# Catch, Clean, and Release



## BFI-TX (Nov 26, 2016)

Well folks the craziness continues. If ya'll recall about 3 weeks ago I posted here about catching a nice rod and reel while fishing Bastrop Bayou. I had asked ya'll to get the word out, so I could get it back to its owner. After about a week or so, I had pretty much thrown in the towel, thinking that's a one in a million typa thing. Well guess what? Sometimes that one in a million crashes in. Got a PM from Mo on here that a friend of a friend who didnt have a current sign on account had lost a rod in that area. I asked for the dudes number, we spoke, and he described it to a T. Then I asked an extra credit question. What lure and what color? Chartreuse Norton Paddle Tail. Bamn!!! Winner!!! I had already torn the real down and cleaned to prevent corrosion etc. I reassembled and lubed it up it good as new Friday night and Andrew (one lucky *** fisherman) stopped by and picked it up yesterday. We both just laughed in amazement of the odds that were beat and he casted it a few times in the canal behind the house. Needless to say he was a happy camper and gettibgvit back to him made my day. Tight lines Andrew. Enjoy that one in a million rod....it's **** sure a lucky one!!!!!!


----------



## BFI-TX (Nov 26, 2016)

Trophy Shimano Calcuta catch pics.


----------



## dhudson (Jun 20, 2016)

*Wow!*

What a great representative of fishermen!!!! Not only did you try and locate the owner, but took the ENTIRE reel apart and cleaned it. If that would have been me...the reel would be in my "broke" box and the drag wouldn't be working and it would "catch" when casting. There would have been some extra parts too!!!

Good on you sir!!


----------



## old 37 (Nov 30, 2014)

You sure went the extra mile!


----------



## BFI-TX (Nov 26, 2016)

I'm a super firm believer in living a life that pays it forward. As far as tearing down and cleaning the reel, those old Calcuttas are great reels. It deserved a second chance at life. Plus, I used to restore antique clocks for a living. Fishing reels aren't much sport compared the complexity of a 200-300 year old timepiece that requires refurbishing or remaking of parts by hand etc.


----------



## playinhooky (Dec 6, 2008)

I don't know about all that great stuff, the chronarchs, were great, calcutta is like saying an ambassador 5000 or 5500 was great, they were what we had. Have, cause i have 3 different colors in my tackle room now, 1 still proudly mounted on a Fenwick pistol grip 6 footer. green to you sir.


----------



## habanerojooz (Dec 4, 2006)

Great story. Paying it forward has never been a bad idea for me. Kudos to you and thank you for the kind decisions that you make in life. 

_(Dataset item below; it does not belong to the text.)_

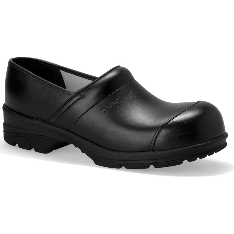 lichtgewicht hygiënische veiligheidsklomp met lage instap, gelijmde leren kap op een buigzame PU antislipzool die stil en comfortabel draagt, zeer geschikt voor professioneel gebruik in de zware industrie waar een beschermende tussenzool wordt vereist.
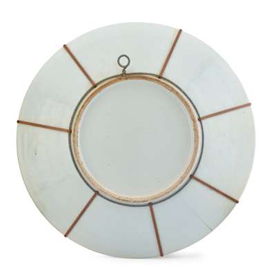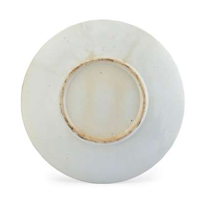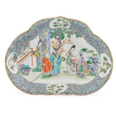 comprising: two gradual chargers, similarly painted with birds, butterflies and flowers; and one scalloped dish, enamelled with figures in the interior enclosed by dense floral ground

Sent from my iPhone using Tapatalk


----------



## Jerry713 (Nov 6, 2019)

Cool story that's awesome!


----------



## BayouBonsaiMan (Apr 14, 2009)

BFI-TX said:


> I'm a super firm believer in living a life that pays it forward. As far as tearing down and cleaning the reel, those old Calcuttas are great reels. It deserved a second chance at life. Plus, I used to restore antique clocks for a living. Fishing reels aren't much sport compared the complexity of a 200-300 year old timepiece that requires refurbishing or remaking of parts by hand etc.


Way to go Sir!
I have personal experience of you going the extra mile! In my case you went ten miles each way!
Have a great week!


----------



## Gofish2day (May 9, 2006)

2cool!!


----------



## BFI-TX (Nov 26, 2016)

Reality is, kind gestures and actions usually cost us nothing but a brief moment in time. However, they pay huge dividends, far more valuable than money. I have no plans to die rich, my go is to simply leave this earth content.


----------



## speck&spot (Jun 27, 2016)

Awesome story! If everyone had your attitude, imagine what our world would be like today.


----------



## fish4food (Feb 11, 2011)

Awesome!


----------



## EIGHTSKATE (Feb 19, 2016)

Way to go. Always great to read a positive story in todays world.


----------



## c hook (Jul 6, 2016)

*??*

giving and doing things for people, knowing you will not necessarily be getting anything in return is truly giving. :texasflag

One gives freely, yet grows all the richer; another withholds what he should give, and only suffers want. Whoever brings blessing will be enriched, and one who waters will himself be watered. :texasflag


----------



## BFI-TX (Nov 26, 2016)

^^^^^ Agreed. The day you stop keeping score and expecting something in return is the day you free yourself from dissappintment. Pure giving is all gain without he possibility of loss. Can't beat those odds. Unfortunately, philosophies and behaviors mentioned on this post are somehow strange and unusual to the predominately self centered culture of today's world. Sad but true.


----------



## Thestork (Dec 4, 2018)

Finally a feel good story...not many of those around anymore....Thank you.


----------



## BFI-TX (Nov 26, 2016)

Your very welcome, sir!


----------



## 98aggie77566 (Jul 7, 2009)

You were definitely persistent in finding the owner......good job!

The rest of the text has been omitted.